This study is motivated by three considerations. First, to our knowledge, no study has examined long memory in the strategic crude oil and refined product markets (e.g., gasoline and heating oil) despite the importance of these markets and the need to model and forecast their returns more accurately. (1) Many empirical findings suggest that numerous economic and financial data show strong evidence of long memory (see, for example, Booth et al. (1982), Helms et al. (1984), and Lo and MacKinaly (1988)). Those early studies use the Rescale range (R/S) statistic and the variance ratio tests. Later, Lo (1991) uses a modified rescaled range (R/S) statistic and finds no evidence of long memory in the monthly and daily returns on the Center for Research in Security Prices (CRSP) stock indexes. Ding et al. (1993) investigate the long memory properties in several transformations of returns including absolute and squared returns. They find substantial evidence of long memory in absolute returns and squared returns for long lags.
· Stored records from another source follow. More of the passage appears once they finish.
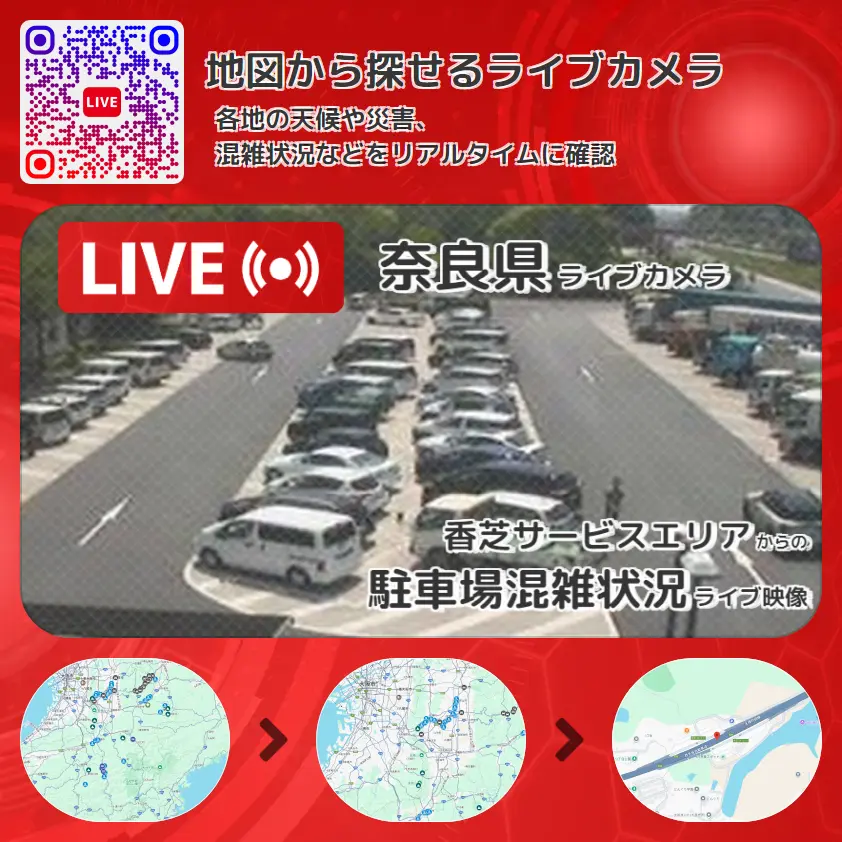 駐車場混雑状況の他に、西名阪自動車道(西名阪道)や周辺の気象状況も併せてチェックすることが可能で、台風・大雨・地震などの災害による被害状況も把握することができます。
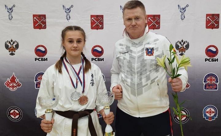 Азовчанка Софья Чимшит получила сразу две медали на прошедших в Санкт–Петербурге Всероссийских соревнованиях по киокусинкай, сообщили в администрации Азова.
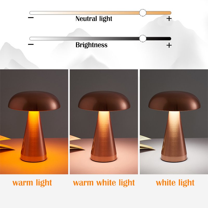 LED Rechargeable Metal Mushroom Touch Dimmable Table Lamp
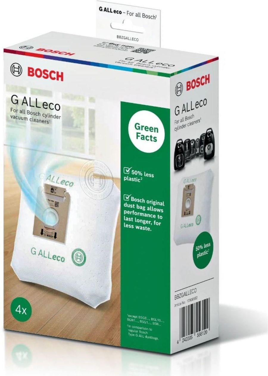 Bosch BBZGALLECO - 17008892 Specyfikacja techniczna: 50% mniej plastiku w porównaniu do standardowych worków Bosch G ALL.  Pasuje do wszystkich modeli odkurzaczy workowych* (*oprócz modeli BSG8..., BGL10..., BGN1..., BSG1..., BSN...)  Wydłużona żywotność odkurzacza - wysoki stopień zatrzymywania pyłu i precyzyjne dopasowanie worka zapewnia skuteczną ochronę silnika  Zawartość: 4 wymienne worki  Spełnia wymagania VDE SPEC 90005 V1.0: T1 – L
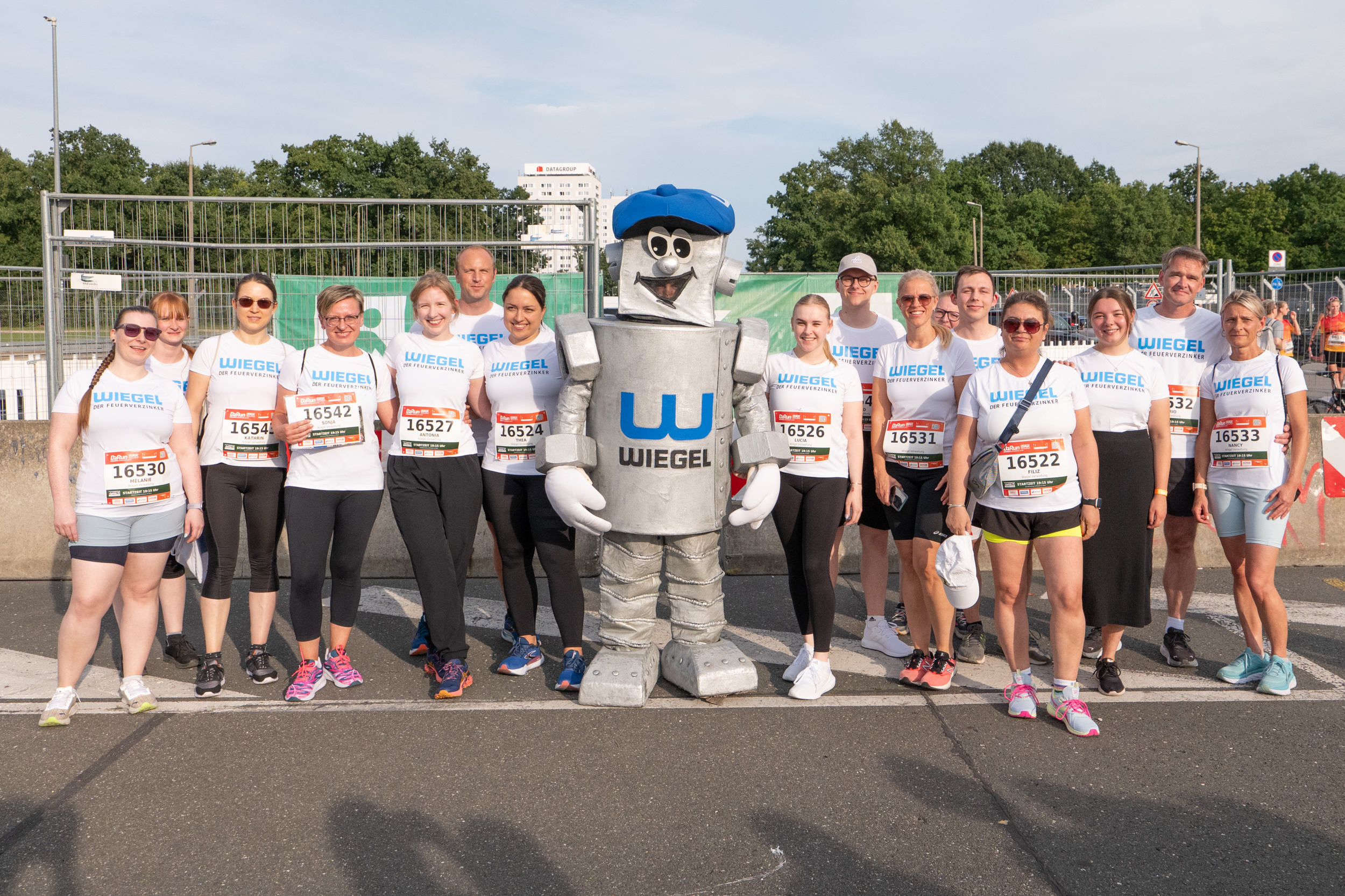 22 colleagues from our WIEGEL administration in Nuremberg, supported by our hard-working helpers and our mascot “Rostenix”, joined around 17,000 runners at the start. Our team of runners completed the 6.1-kilometre course around the Dutzendteich with excellence, finally crossing the finish line against the impressive backdrop of the Max Morlock Stadium bathed in summer evening light and enjoying the special flair of the moment.

More recently, Lobato and Savin (1997) find no evidence of long memory in daily Standard and Poor 500 returns but find strong evidence of long memory in the squared return. They also find that the evidence is even stronger for the absolute returns. (2) None of those studies examine long memory in the petroleum markets whether in terms of crude oil or its refined products. This paper will fill this gap in the petroleum markets by examining long memory in the spot and futures prices of oil, gasoline and heating oil. Second, we investigate the time series properties of petroleum returns whether they show the strictly white noise process or not. Third, recent studies show that there are difficulties in distinguishing between the long memory and structural change processes, and we have taken this issue into consideration because the petroleum markets have weathered many economic and geopolitical crises and weather events. We thus evaluate the possibility of spurious long memory in the petroleum returns in light of structural changes.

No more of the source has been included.